Не одна лишь каменная, но и литая «статуя» обретает у Бажова особые свойства, благодаря которым она способна наказывать и миловать. «Чугунная бабушка» из одноименного сказа пугает немецкую Каролинку, так что вскоре та убирается «к чертовой бабушке» - умирает. Не случайной представляется сама языковая игра, возникающая при этом, ведь оживание литой из чугуна «бабушки» вряд ли имеет небесную коннотацию — появляясь перед Каролинкой, она начинает расти, «...Жаром от нее несет, как от неостывшего литья» (II, 81). «Чугунная бабушка» словно указывает «немецкой тетушке» дорогу в ад; как и Хозяйка Медной горы, она – носительница возмездия провинившимся людям. После смер­ти Каролинки той отлили на заводе памятник: «Немецкой, понятно, выдумки: крылья большие, а легкости нет. Старый Кузьмич перед бронзировкой поглядел на памятник, поразбирал мудреную надпись, да и гово­рит: - Ангел яичко снес, да и думает: то ли садиться, то ли подождать» (II, 81). Кого «снес» этот «беременный» ангел - вопрос остается откры­тым, но финал немецких хозяев вновь связан с чертовщиной: «После, революции в ту же чертову дыру замерил Каролинкину родню - всех Меллеров-Закомельских, которые убежать не успели» (II, 81).

Несомненные литературные связи имеет еще один яркий сюжет Ба­жова – драматический путь становления художника и его последующей самореализации, воплощенный в сказе «Каменный цветок». Очевидны романтические истоки как сюжета, так и образа мастера: мотив противопоставления настоящего искусства и ремесла, когда Данило, будучи движим стремлением к творческому идеалу, вынужден выполнять бар­ский заказ и делать чашу «со всякими штуками», мы встречаем в повес­тях Н. Гоголя, В. Одоевского, Н. Полевого, В. Гаршина, В. Короленко.
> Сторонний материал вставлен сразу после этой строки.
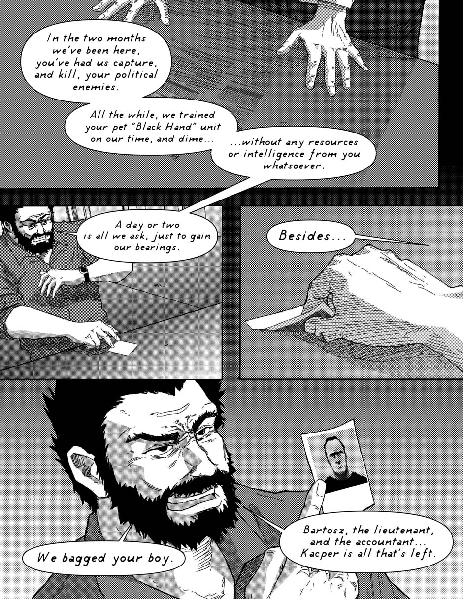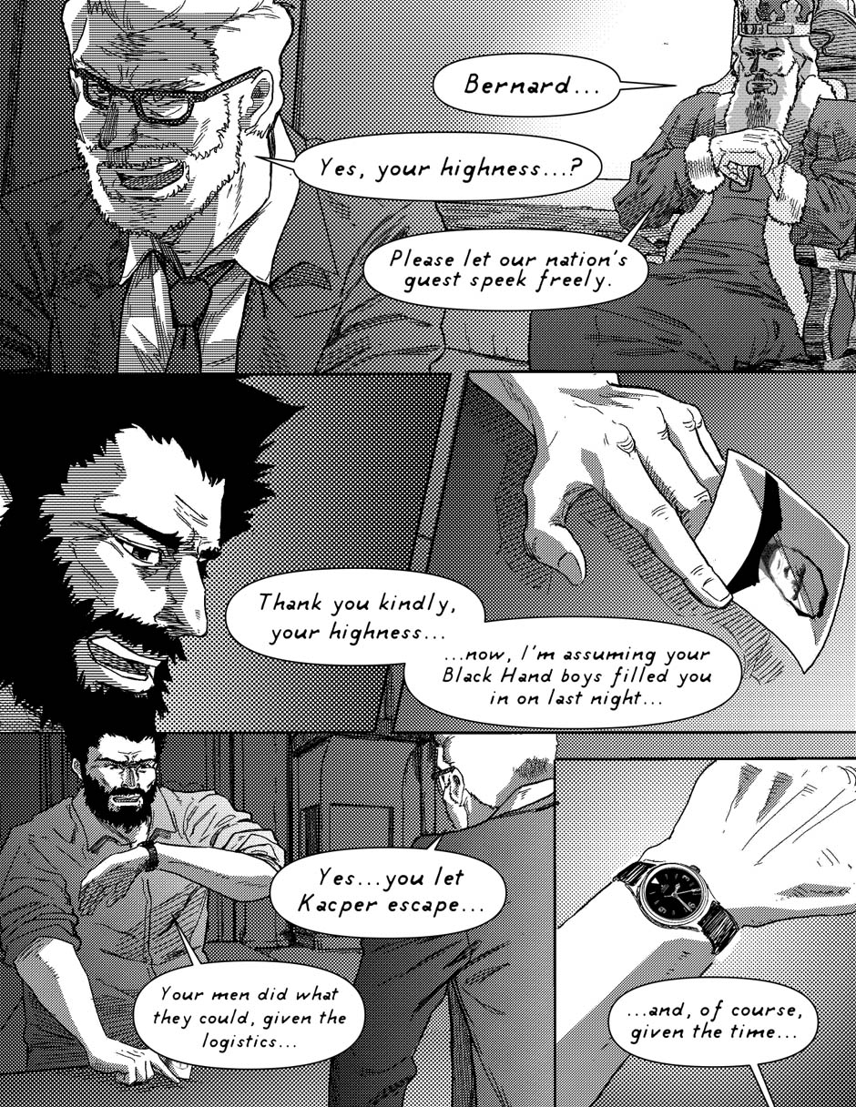 Two military intelligence agents, posing as clerical workers, are caught in a terrorist attack in a swanky Chateau. Find out how the amalgamation of their actions, and experiences, get them out of a night filled with crazed insurgents, desperate monarchs, manipulative bureaucrats, and kooky religious zealots!

Особенно показательна связь бажовского Данилы с живописцем Данилой из одноименной повести В. Ф. Одоевского («Живописец» ). И тот и другой долго ищут в окружающем мире некий образец, идеал творче­ства, уже состоявшийся в их сознании. Бажовский Данилушко, казалось бы, находит - забросил барскую работу, «другое начал. Без передышки у станка стоит», но через несколько дней «у него какая-то оплошка выш­ла» - бросил он свой дурман-цветок и опять за барскую чашу принялся (с. 94). Сходный процесс творческих поисков художника языком мещанки-скорнячки, не способной понять суть произошедшей трагедии, опи­сывается в новелле Одоевского: «...вот он, сердечный, не есть, не пьет, только и твердит: « Вот погоди, найду, непременно найду». Чего уж он, клада, что ли, искал, не могу тебе сказать, только он со дня на день худал; что ночью намажет, то днем сотрет...»12. В итоге живописец Одоевского замарывает начатую было им картину и пишет на ней вывеску, за которую заплатил ему купец: обыденная жизнь, пошлость и скудость обстоятельств побеждают его творческий порыв, однако цена оказывается непоправимо высокой — Данила Петрович заболевает и вскоре отдает Богу душу. Данило в сказе Бажова также убеждается в невозможности воплотить свой высокий замысел: он разбивает начатую было им чашу и убегает в гору к Хозяйке, т. е. тоже уходит из жизни (люди считают его погибшим, а Катю зовут «мертвяковой невестой»).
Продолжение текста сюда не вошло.